Страница 11 из 16
— Ты, небось, не забыл, — сказал Махмуд-Араб, — о том скандале в квартале Эшонипир, из-за него-то Кори Ибод и угодил за решетку.
— Ясно, не забыл. Меня поразило другое — какими путями он ухитрился выбраться и пролезть в хозяева шариата!
— Фу, ну и нетерпеливый же ты! Кори Ибод пробыл в тюрьме довольно долго. Но... но у него есть брат, старший, он искусный чтец Корана и приближен к кушбеги Насрулло. Догадайся-ка, почему? Потому что своими молитвами якобы помог этому Насрулло снискать благосклонность эмира.
Кушбеги вознаградил эти услуги и вызволил Кори Ибода из тюрьмы. Да не просто вызволил, но и пожаловал ему должности настоятеля в мечети Мехтар-Анбар и преподавателя в медресе.

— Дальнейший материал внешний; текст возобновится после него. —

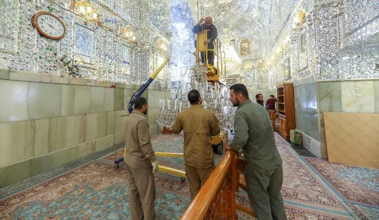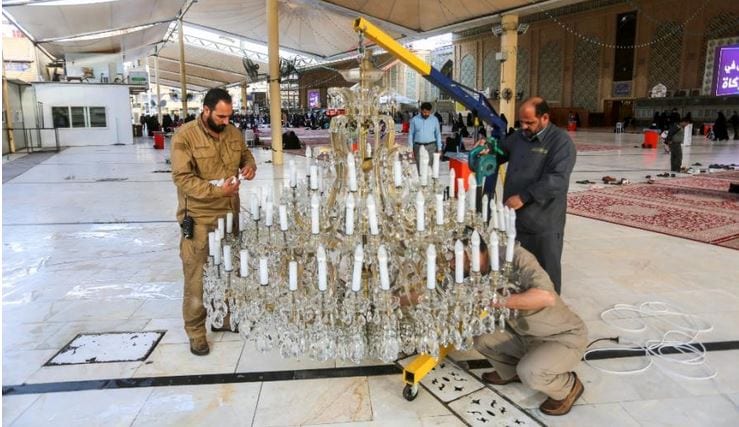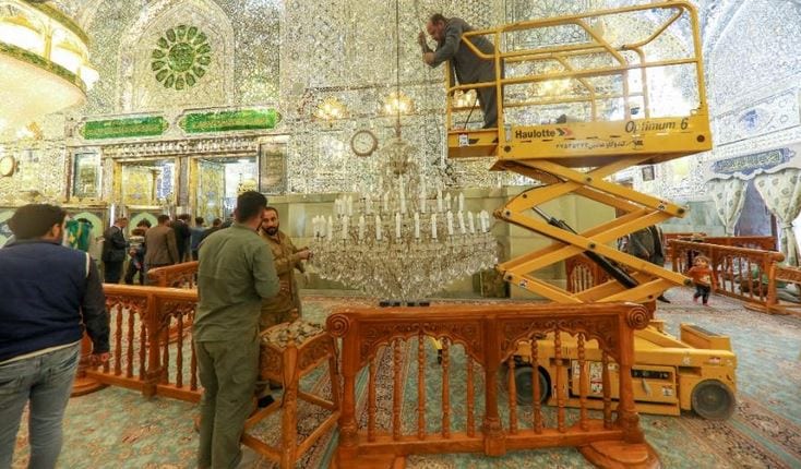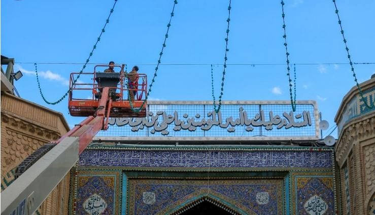 يواصل منتسبو الأقسام الميدانية في العتبة العلوية استعداداتهم الميدانية لتأهيل قبة المرقد العلوي الطاهر والأرجاء المباركة المحيطة بداخل وخارج الصحن الحيدري الشريف وذلك استعدادا للإحتفال بالمولد العطر لسيد الأوصياء ويعسوب الدين وقائد الغر المحجلين أمير المؤمنين وليد الكعبة المشرفة ( صلوات الله وسلامه عليه).
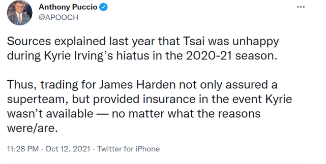JRS直播10月13日讯 ,篮网记者Anthony Puccio报道称,消息源透露,早在2020-21赛季,欧文因故缺席比赛时,篮网老板蔡崇信就已经不高兴了。他同意球队换来哈登,一方面是为了打造超级球队,另一方面就是为欧文准备一份保险,不管他未来因为什么原因缺席。

— Кори Ибод не изменился, голову даю на отсечение, — воскликнул я. — Ну вот, возьмем хоть бы меня. Обряжусь в длиннющий халат, намотаю на башку большущую чалму и, пожалуйста, готов настоятель и преподаватель. Но я же запутаюсь в законах шариата, не смогу истолковать их. Да разве только в этом суть! Людей, оно не сложно оболванить внешним видом, одеждой, но себя-то не проведешь! Сам-то я, вор и палач Хайдарча, знаю себе цену! А этот Кори Ибод, вот уж, действительно, кто без стыда и совести, орет себе на виду у всех: «О шариат!..» Вдруг в это самое время он столкнется нос к носу с Сироджем-дахбоши, что он тогда запоет?
— Чудак ты, право! Я уверен, что все эти заклинания уже давненько примирили Кори Ибода и Сироджа-дахбоши. Они наверняка действуют сообща, — изрек веско Хамра-Силач.
— Факт! — подтвердил Рузи-Помешанный. И чтобы поосновательнее подкрепить свою мысль, добавил: — Лизоблюду, пресмыкающемуся перед кушбеги Насрулло, ничего не стоит поладить с его псом Сироджем.
— Это доказывает, — сказал Маджид, — что Кори Ибод поумнел.
— Хватит вам! Что же ответил тебе Махмуд- Араб? — обратился Хамра-Силач к Хайдарче.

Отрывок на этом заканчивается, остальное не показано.